# THE TASK
What you should write out is every line from the one containing "2025年柳州市第三十九中學(xué)招聘初中信息技術(shù)合同制教師1名" to the end of the data, exactly and with nothing else.

Entries taken from a collection:
============================================================
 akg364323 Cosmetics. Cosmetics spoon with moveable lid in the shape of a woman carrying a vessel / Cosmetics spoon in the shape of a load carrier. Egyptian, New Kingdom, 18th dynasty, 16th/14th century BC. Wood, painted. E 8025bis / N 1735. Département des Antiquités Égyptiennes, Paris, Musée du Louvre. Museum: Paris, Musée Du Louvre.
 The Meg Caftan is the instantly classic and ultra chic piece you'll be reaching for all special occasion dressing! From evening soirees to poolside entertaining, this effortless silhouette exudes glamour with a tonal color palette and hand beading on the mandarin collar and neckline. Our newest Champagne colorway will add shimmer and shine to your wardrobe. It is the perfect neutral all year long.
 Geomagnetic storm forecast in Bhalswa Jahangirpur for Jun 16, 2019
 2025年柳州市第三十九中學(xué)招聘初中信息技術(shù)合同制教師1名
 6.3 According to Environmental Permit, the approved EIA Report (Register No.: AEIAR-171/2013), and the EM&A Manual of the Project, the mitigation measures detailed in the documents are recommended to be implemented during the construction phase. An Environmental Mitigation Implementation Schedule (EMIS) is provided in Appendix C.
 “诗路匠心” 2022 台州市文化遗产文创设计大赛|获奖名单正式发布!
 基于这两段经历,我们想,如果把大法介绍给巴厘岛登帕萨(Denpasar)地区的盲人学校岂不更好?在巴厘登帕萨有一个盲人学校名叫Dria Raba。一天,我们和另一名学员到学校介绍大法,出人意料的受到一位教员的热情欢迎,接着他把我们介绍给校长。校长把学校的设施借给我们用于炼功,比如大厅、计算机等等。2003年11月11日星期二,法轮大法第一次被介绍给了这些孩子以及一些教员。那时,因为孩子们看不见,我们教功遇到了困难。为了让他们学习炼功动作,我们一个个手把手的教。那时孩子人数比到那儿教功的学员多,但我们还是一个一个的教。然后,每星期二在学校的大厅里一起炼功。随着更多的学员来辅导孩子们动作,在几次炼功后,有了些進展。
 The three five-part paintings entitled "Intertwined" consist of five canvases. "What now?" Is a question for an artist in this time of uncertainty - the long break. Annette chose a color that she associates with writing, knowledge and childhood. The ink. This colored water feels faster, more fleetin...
============================================================
# SOLUTION TO THIS EXERCISE
 2025年柳州市第三十九中學(xué)招聘初中信息技術(shù)合同制教師1名
 6.3 According to Environmental Permit, the approved EIA Report (Register No.: AEIAR-171/2013), and the EM&A Manual of the Project, the mitigation measures detailed in the documents are recommended to be implemented during the construction phase. An Environmental Mitigation Implementation Schedule (EMIS) is provided in Appendix C.
 “诗路匠心” 2022 台州市文化遗产文创设计大赛|获奖名单正式发布!
 基于这两段经历,我们想,如果把大法介绍给巴厘岛登帕萨(Denpasar)地区的盲人学校岂不更好?在巴厘登帕萨有一个盲人学校名叫Dria Raba。一天,我们和另一名学员到学校介绍大法,出人意料的受到一位教员的热情欢迎,接着他把我们介绍给校长。校长把学校的设施借给我们用于炼功,比如大厅、计算机等等。2003年11月11日星期二,法轮大法第一次被介绍给了这些孩子以及一些教员。那时,因为孩子们看不见,我们教功遇到了困难。为了让他们学习炼功动作,我们一个个手把手的教。那时孩子人数比到那儿教功的学员多,但我们还是一个一个的教。然后,每星期二在学校的大厅里一起炼功。随着更多的学员来辅导孩子们动作,在几次炼功后,有了些進展。
 The three five-part paintings entitled "Intertwined" consist of five canvases. "What now?" Is a question for an artist in this time of uncertainty - the long break. Annette chose a color that she associates with writing, knowledge and childhood. The ink. This colored water feels faster, more fleetin...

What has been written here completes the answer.